Stored records:

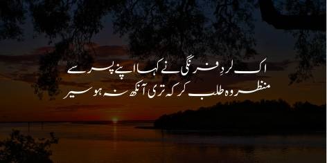 Ek angrez Lord apne bete se kehta hai ke tu aise nazara ki talash kar jis se teri aankh na bhare. Is ka matlab yeh hai ke woh apne bete mein mulk-geeri aur dunya par hukumat karne ki aisi pyaas paida karna chahta hai jo kabhi khatam na ho aur woh hamesha naye ilaqaon ko fatah karne ki dhun mein rahe.
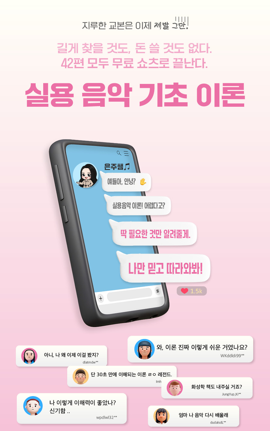 이 책의 가장 큰 강점은 ‘빠른 학습’에 있다. 3분도 안 되는 숏폼 강의의 방식 그대로, 딱딱하고 어렵게 느껴지던 음악 이론을 짧은 호흡ㆍ직관적인 예시ㆍ핵심만 남긴 커리큘럼으로 정리해 누구나 막힘없이 이해할 수 있도록 구성했다.
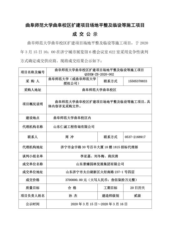 大发平台曲阜校区扩建项目场地平整及临设等施工项目成 交 公 示
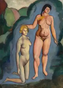 The Bush is a painting by Marcel Duchamp from 1910-1911. It is in the collection of the Philadelphia Museum of Art, that acquired it through The Louise and Walter Arensberg Collection in 1950. Its first owner was Dr. Raymond Dumouchel, himself the subject of another 1910 painting by Duchamp, Portrait of Dr. Dumouchel.[1] One of the models may be Jeanne Serre, with whom Duchamp had a relationship and fathered a child, Yvonne,[2] who later became known as Yo Savy. Duchamp noted that the painting marks the beginning of a practice of attaching non-descriptive titles to his work: "Introduce some anecdote without being 'anecdotal'"; the painting did not illustrate a definite theme, but the title created "the possibility to invent a theme for it, afterwards."[2][3]
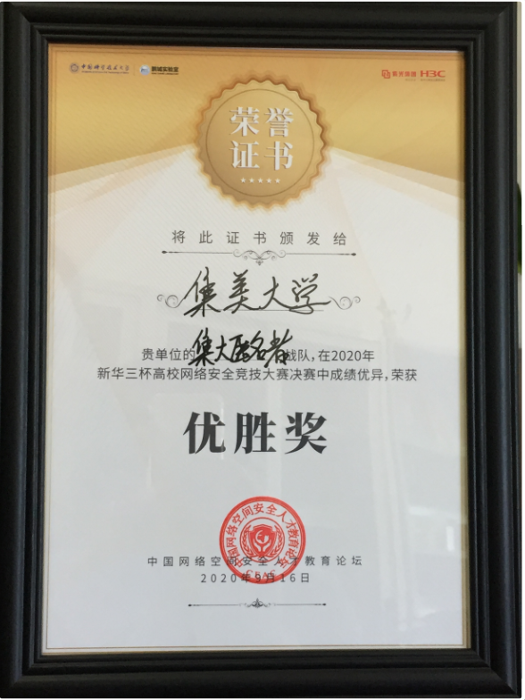 9月16日,在安徽省合肥市举行的2020年“新华三杯”高校网络安全竞技大赛决赛上,由我校信息化中心薛芳、王以勒等老师组成的队伍获得优胜奖(第九名)。
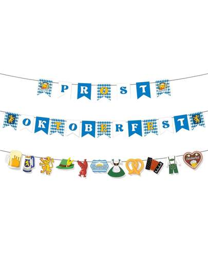 1 pieza Bandera de decoración para fiesta de festival de cerveza con tema del festival de cerveza de Múnich, diseño de jarra de cerveza, salchicha y pretzel - Multicolor - Añade 6
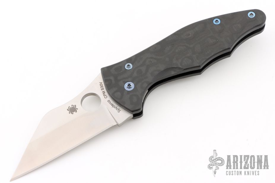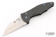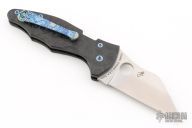 This Yojimbo 2 by Spyderco features a satin finished wharncliffe blade with thumbhole, has an added wave feature opening thumbstud. The handle has Flytanium raindrop carbon fiber scales, stainless steel liners, lock is on the spine of handle. Anodized titanium screws. Custom laser engraved titanium clip. Nice detent, lockup and blade seating. Comes with a Spyderco box and papers. Excellent condition.
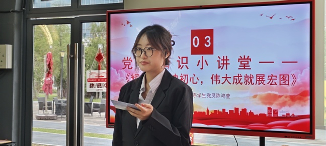 在“党员知识小课堂”环节,工程管理系员工党支部党员陈鸿萱带来了《辉煌党史映初心,伟大成就展宏图》主题宣讲,带领参加活动的党员们共同回顾党的辉煌历史,坚定党员们的初心和使命。随后,工程管理系员工党支部党员、上海市奖学金获得者李观华从有梦、追梦、圆梦三个部分讲述他在党的光辉照耀下的成长和改变,他的故事激励了在场的每一位同学,让大家深刻感受到了党员的责任与担当。最后,工程管理系员工党支部研究生党员王鹏程通过《绿动未来:双碳科技赋能绿色发展》主题讲座,向同学们展示了双碳推动绿色发展的重要性。
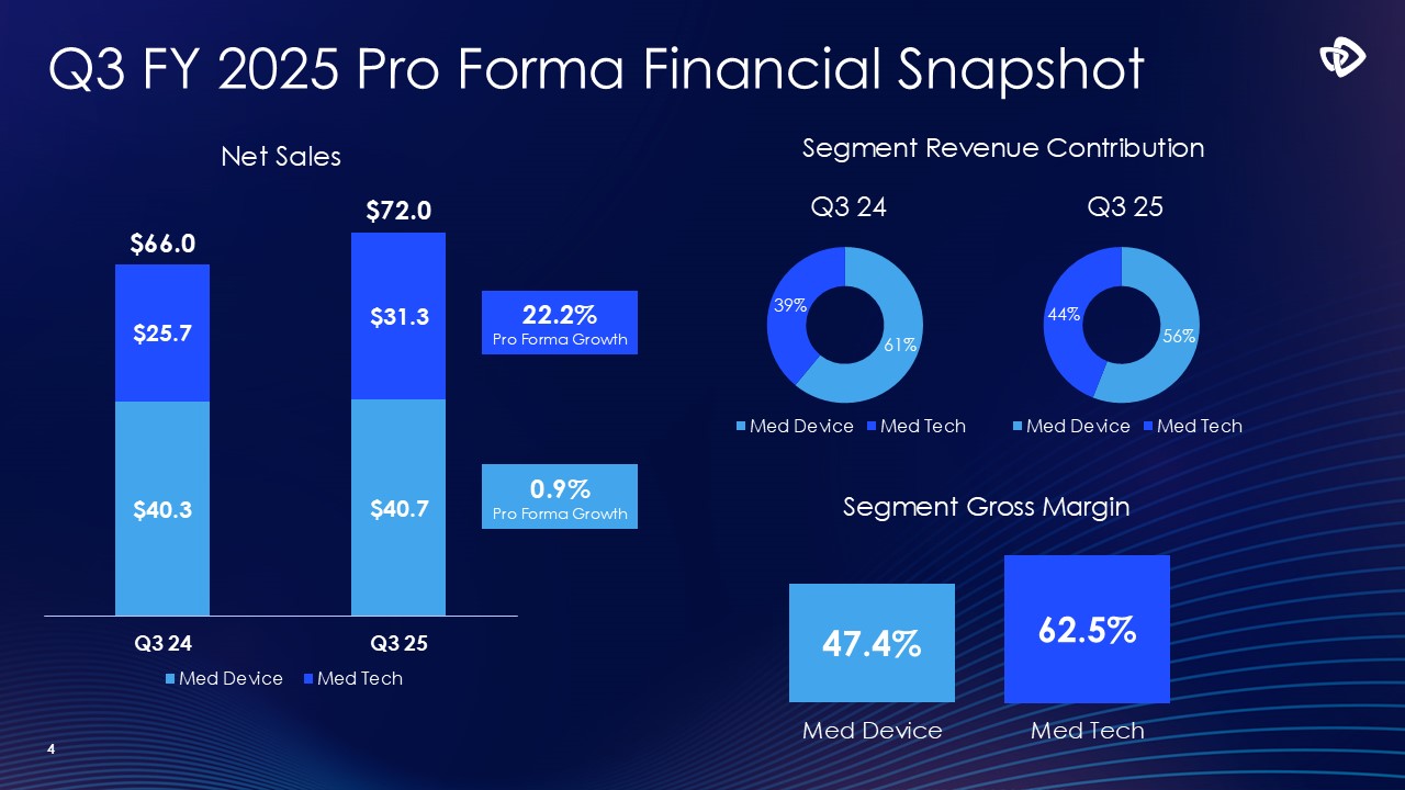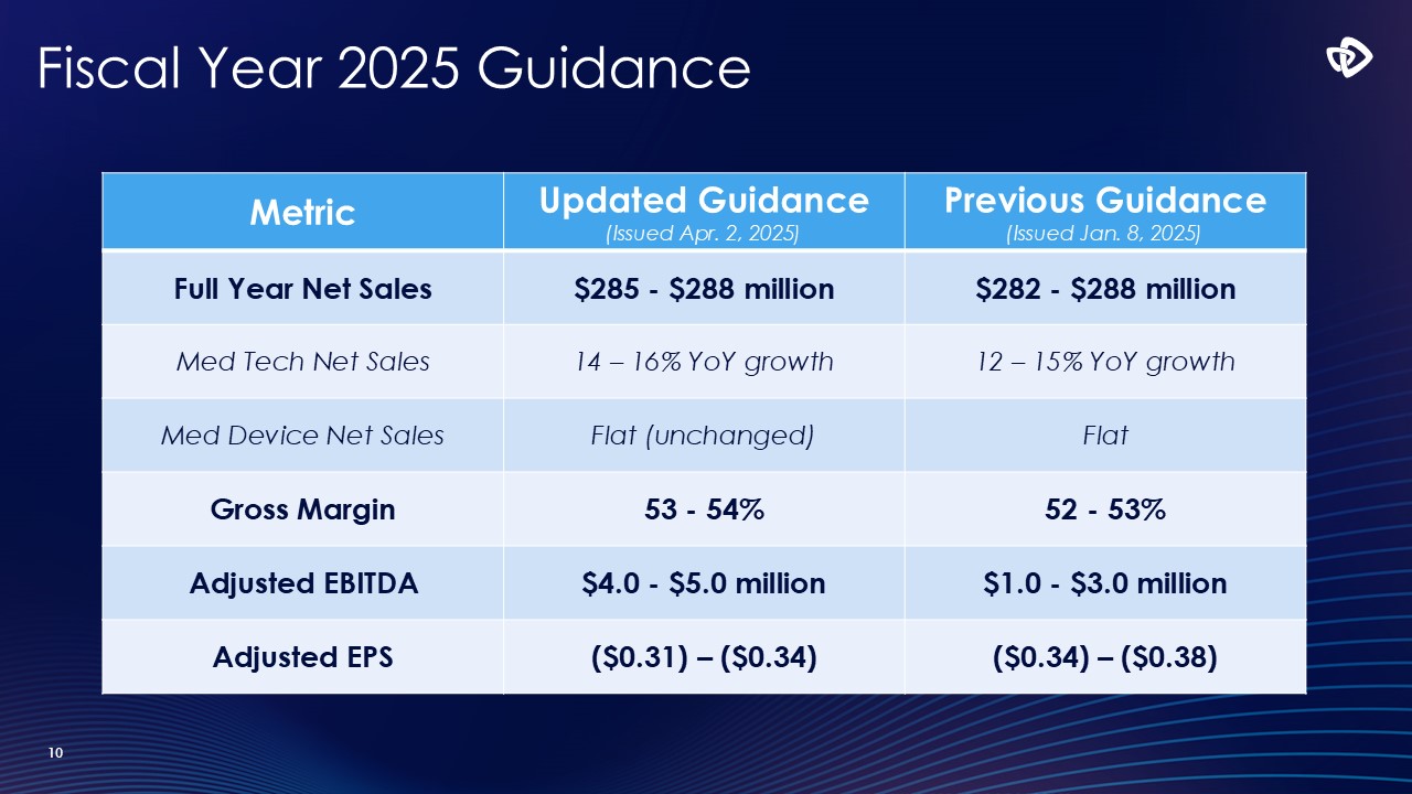 Increasing fiscal year 2025 guidance for net sales, Med Tech net sales growth, gross margin, Adjusted EBITDA, and Adjusted EPS

_Task prompt_
From the line with "大发平台曲阜校区扩建项目场地平整及临设等施工项目成 交 公 示" down to the final line of the entries above, repeat each line exactly; omit the pictures.

_Result for this task_
 大发平台曲阜校区扩建项目场地平整及临设等施工项目成 交 公 示
 The Bush is a painting by Marcel Duchamp from 1910-1911. It is in the collection of the Philadelphia Museum of Art, that acquired it through The Louise and Walter Arensberg Collection in 1950. Its first owner was Dr. Raymond Dumouchel, himself the subject of another 1910 painting by Duchamp, Portrait of Dr. Dumouchel.[1] One of the models may be Jeanne Serre, with whom Duchamp had a relationship and fathered a child, Yvonne,[2] who later became known as Yo Savy. Duchamp noted that the painting marks the beginning of a practice of attaching non-descriptive titles to his work: "Introduce some anecdote without being 'anecdotal'"; the painting did not illustrate a definite theme, but the title created "the possibility to invent a theme for it, afterwards."[2][3]
 9月16日,在安徽省合肥市举行的2020年“新华三杯”高校网络安全竞技大赛决赛上,由我校信息化中心薛芳、王以勒等老师组成的队伍获得优胜奖(第九名)。
 1 pieza Bandera de decoración para fiesta de festival de cerveza con tema del festival de cerveza de Múnich, diseño de jarra de cerveza, salchicha y pretzel - Multicolor - Añade 6
 This Yojimbo 2 by Spyderco features a satin finished wharncliffe blade with thumbhole, has an added wave feature opening thumbstud. The handle has Flytanium raindrop carbon fiber scales, stainless steel liners, lock is on the spine of handle. Anodized titanium screws. Custom laser engraved titanium clip. Nice detent, lockup and blade seating. Comes with a Spyderco box and papers. Excellent condition.
 在“党员知识小课堂”环节,工程管理系员工党支部党员陈鸿萱带来了《辉煌党史映初心,伟大成就展宏图》主题宣讲,带领参加活动的党员们共同回顾党的辉煌历史,坚定党员们的初心和使命。随后,工程管理系员工党支部党员、上海市奖学金获得者李观华从有梦、追梦、圆梦三个部分讲述他在党的光辉照耀下的成长和改变,他的故事激励了在场的每一位同学,让大家深刻感受到了党员的责任与担当。最后,工程管理系员工党支部研究生党员王鹏程通过《绿动未来:双碳科技赋能绿色发展》主题讲座,向同学们展示了双碳推动绿色发展的重要性。
 Increasing fiscal year 2025 guidance for net sales, Med Tech net sales growth, gross margin, Adjusted EBITDA, and Adjusted EPS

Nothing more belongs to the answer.